Могилы на кладбище посыпаны особым песком, белым как сахар. На каждом невысоком холмике земли стоят зеленые проволочные подставки с пластмассовыми цветами, воткнутыми в пенопластовые кирпичики, розовые или белые. Раз в год, в День памяти, семьи покойных собираются и прибирают могилы своих предков, и поминают ушедшие поколения – так же, как делают люди во Вьетнаме, во время Тэта.
В той части кладбища, где лежат Дэвисы – человек пятьдесят наших, самый ранний – с 1816 года.
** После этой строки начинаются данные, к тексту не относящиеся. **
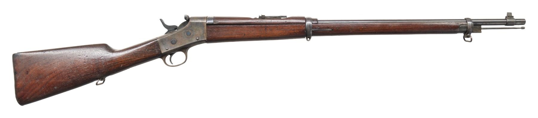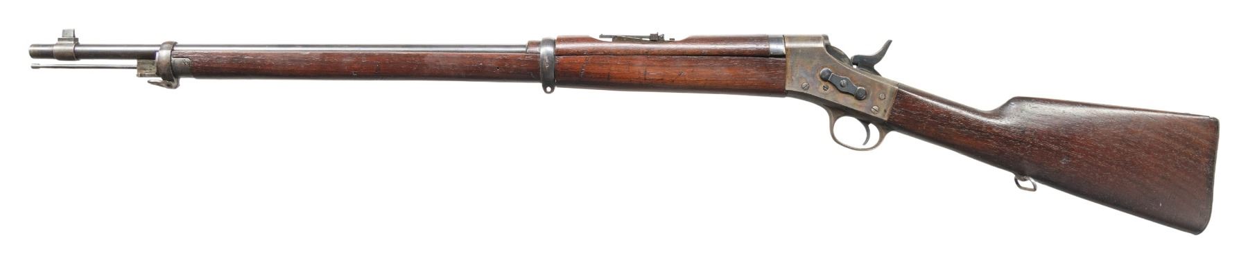 MILITARY RIFLE. Cal. 7mm Mauser. NSN. Bbl. 29 1/2". Barrel is marked on top "CAL. 7M.M.". Receiver tang is marked "REMINGTON ARMS CO. / ILION, N.Y. U.S.A. / PAT'D. OCT, 22ND, 1901". Rifle is equipped with low ramp ladder rear sight graduated to 1,900 yards. Inverted "V" front sight mounted on the 1910 style barrel band. Rifle is equipped with Days' patent extractor. Cleaning rod is present. Swivel bow and screw are not present in the lower band. Walnut stock set. Buttstock equipped with the later tang type buttplate. Buttstock is marked with tiny "HM" acceptance mark behind lower tang. Forend secured by two barrel bands. Handguard has the blued sheet metal reinforcing band in-front of the receiver. CONDITION: stock set has worn original finish with numerous scattered handling marks. Metal retains 60% of its original blue except the receiver which shows 60% of its original case colors with spots of oxidation and very fine pitting. Bore has worn lands and lightly frosted grooves. PROVENANCE: Estate of Groves Herrick. (25-5673/RW). CURIO. $500-800.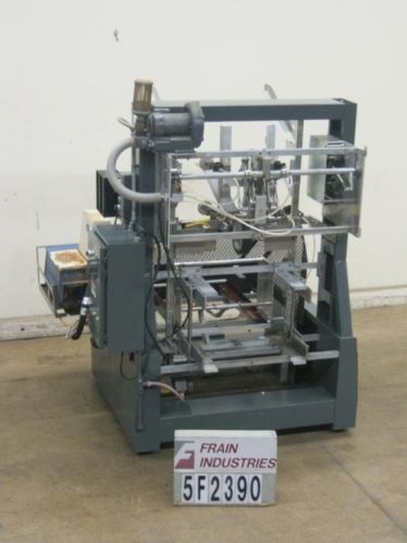 Tray former, hot melt glue, rated up to 58 trays per minute – depending on materials and application. Tray size range: 7" to 34" in Length; 8-18 to 22 in Width; 1" to 12" in Height. Knockdown size range: 10-12" to 37-78" in Length; 12" to 36" in Width. Equipped with blank tray magazine, suction cup recipicating vacuum pick-n-place, vacuum tray feeder with friction wheel, Nordson hot melt glue system with pattern contoller, vacuum pump, and safety guarding.

На самой старой плите написано: "Уильям Оливер Дэвис". Плита эта – тонкая пластина из оранжевого валуна, побита погодой, имя и дата едва читаются.
Возле могилы моего отца – внушительная гранитная плита, воздвигнутая "Дочерьми Конфедерации" еще в 30-х годах, когда Соломон Дэвис был похоронен здесь в конфедератской военной форме, через семьдесят лет после завершения войны за независимость Юга. Дедушка Дэвис служил скаутом под началом Бедфорда Форреста, и получил ранение в битве под Силоамом. Он умер во времена расцвета "века джаза", а в груди его так и сидела картечина – как шар для гольфа, только из железа.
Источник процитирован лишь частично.